One of the key parts of data analysis is to use summary statistics to understand the trend in the data. Understanding the variability in such summary statistics can be extremely useful to put weight on such summary statistics. Bootstrapping, resampling data with replacement is an extremely useful tool to quantify uncertainty. It was originally developed by Brad Efron and wikipedia article nicely explains it as
The basic idea of bootstrapping is that inference about a population from sample data (sample → population) can be modelled by resampling the sample data and performing inference about a sample from resampled data (resampled → sample). As the population is unknown, the true error in a sample statistic against its population value is unknown.
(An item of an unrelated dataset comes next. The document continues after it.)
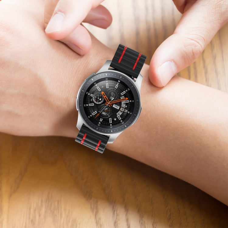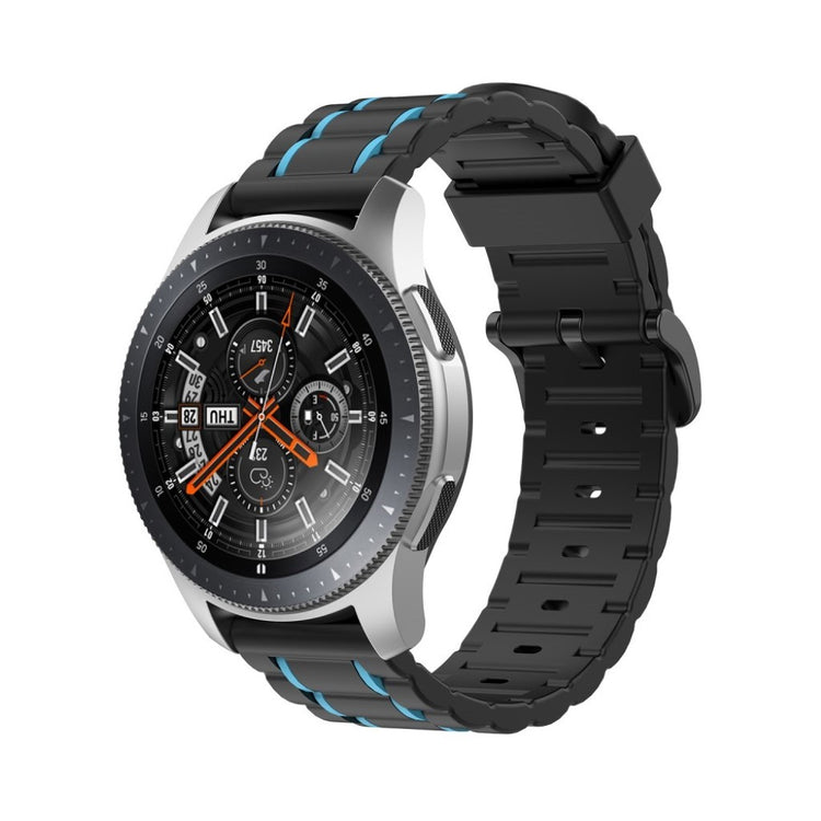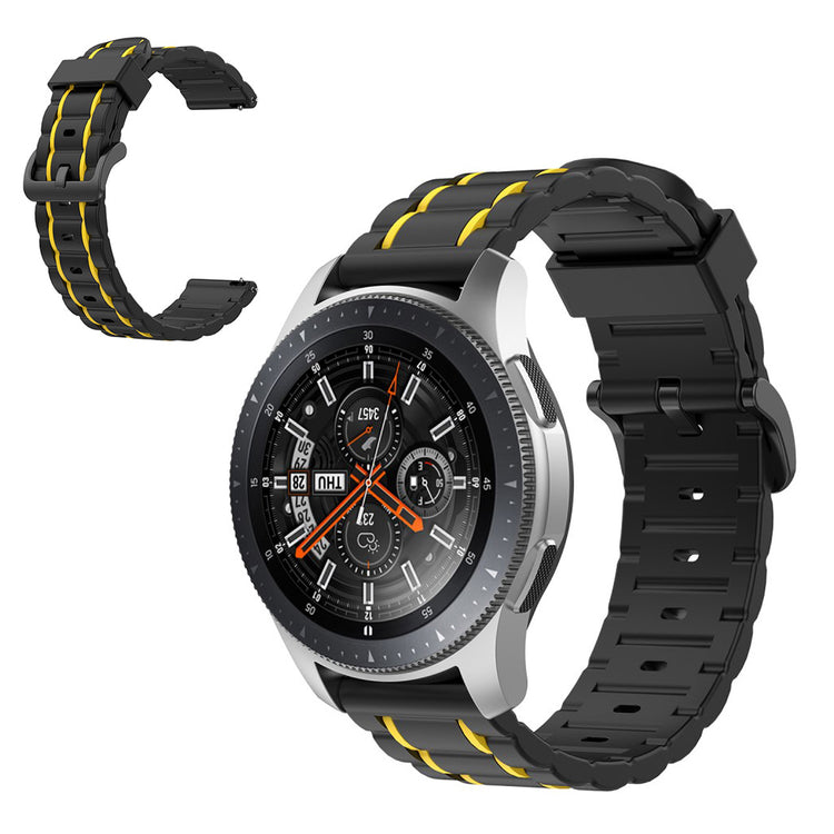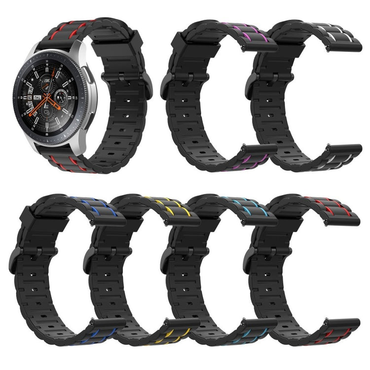 Oppgrader ditt smarte klokkeutstyr med vårt 22mm vertikale stripe bi-farge silikone klokkerem, spesielt designet for Samsung Galaxy Watch 46mm og Galaxy Watch 3 45mm. Denne remmen er laget av miljøvennlig silikonmateriale som er motstandsdyktig mot slitasje og vil vare lenge, noe som gjør den til et bærekraftig valg. Den myke og komfortable strukturen sikrer at du kan bruke klokken hele dagen uten ubehag. Med flere fargealternativer tilgjengelig, kan den enkelt tilpasses din personlige stil og behov. Dette er en ideell erstatning for din gamle eller ødelagte rem, og gir klokken nytt liv og et friskt utseende. Med en total lengde på 125 + 84mm og en bredde på 22mm, passer denne remmen perfekt til flere populære klokkemodeller, slik at du kan være trygg på at den vil være kompatibel med dine eksisterende enheter. Velg vårt klokkerem for å kombinere stil, komfort og holdbarhet på en enkel måte!

In bootstrap-resamples, the ‘population’ is in fact the sample, and this is known; hence the quality of inference of the ‘true’ sample from resampled data (resampled → sample) is measurable.
Pandas has a really nice function called “bootstrap_plot()” to visualize the uncertainty. Pandas bootstrap_plot() function make a quick plot for common summary statistics like mean and median with a specified number of bootstrapped samples of fixed size.
Let us load the packaged needed.
import pandas as pd import numpy as np import seaborn as sns import matplotlib.pyplot as plt
Let us import bootstrap_plot() function from pandas.plotting module.
from pandas.plotting import bootstrap_plot
We will use Palmer penguin data to understand the uncertainty in summary statistics computed on bill lengths mesasured on penguins.
data = sns.load_dataset("penguins") data = data.dropna()
Let us quickly make a histogram of bill length using Pandas hist() function to see the distribution of bill length.
data.bill_length_mm.hist(bins=50)
We can use bootstrap_plot() to understand the variability in our estimates of three measures of central tendency, mean, median and mid-range, of the observed data, Here we use the bill length for illustration. In this example, we sample 200 observation from our observed bill length with replacement for 500 times and estimate the the three statistics on each such sample.
bootstrap_plot(data["bill_length_mm"], size=200, samples=500, color="dodgerblue")
And Pandas’ bootstrap_plot() makes two types of plot for each of them and they show how reliable our estimate of mean/median/midrange is.